Mirosław
Kozłowski, Czas i nieskończoność.
Rozważania o ludzkim trwaniu dla wierzących w Boga, Gdynia „Novae Res” 2015
„Filozof chrześcijański Arthur Holmes
twierdzi, że niemożliwa jest nauka pozbawiona systemu wartości lub teoria
absolutnie obiektywna, ponieważ ‘nauka sama w sobie stanowi przedsięwzięcie
ludzkie, zależne od przyjętych wartości i przekonań, a nawet światopoglądu,
który naukowcy do nauki wnoszą, a nie po prostu wynoszą ze swoich prac i
doświadczeń’. Thomas Kuhn, w swojej znakomitej pracy The Structure of Scientific Revolutions twierdził, że rewolucje w
teoriach naukowych (które nazywa ‘przemianą paradygmatów’) bardziej wynikają z
oddziaływania czynników psychologicznych i socjologicznych niż z czynników
empirycznych i logicznych.
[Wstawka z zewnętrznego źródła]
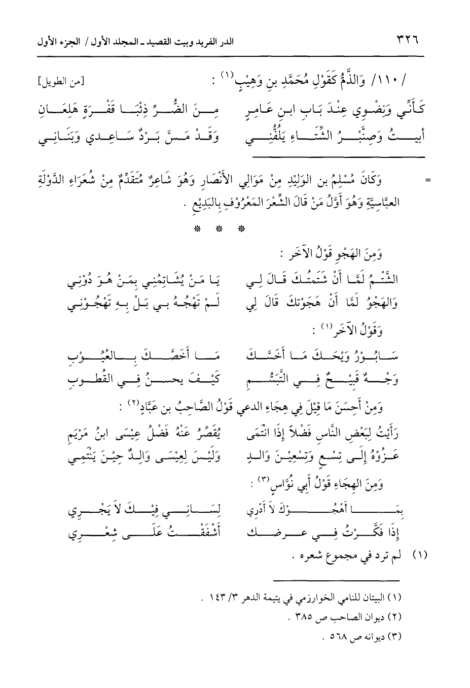 (1) البيتان للنامي الخوارزمي في يتيمة الدهر 3/ 143.

Nie chodzi o optowanie za całkowitym sceptycyzmem,
ale raczej o dokładne rozważanie twierdzeń naukowych i ich ogólnym kontekście” –
całkiem słusznie przekonuje nas w jednym z paragrafów Mirosław Kozłowski,
którego rozmyślania dotyczące czasu i nieskończoności są przesycone ideologią
chrześcijańską w katolickim wydaniu, przez co jego nawoływanie do duchowej
odnowy, wejścia na drogę wiary jest nawoływaniem do katolicyzmu. Nie zabraknie
tam krytyki wszelkich innych duchowych prądów z naciskiem na konieczność
porzucenia sztucznych stymulatorów obecnych w New Age.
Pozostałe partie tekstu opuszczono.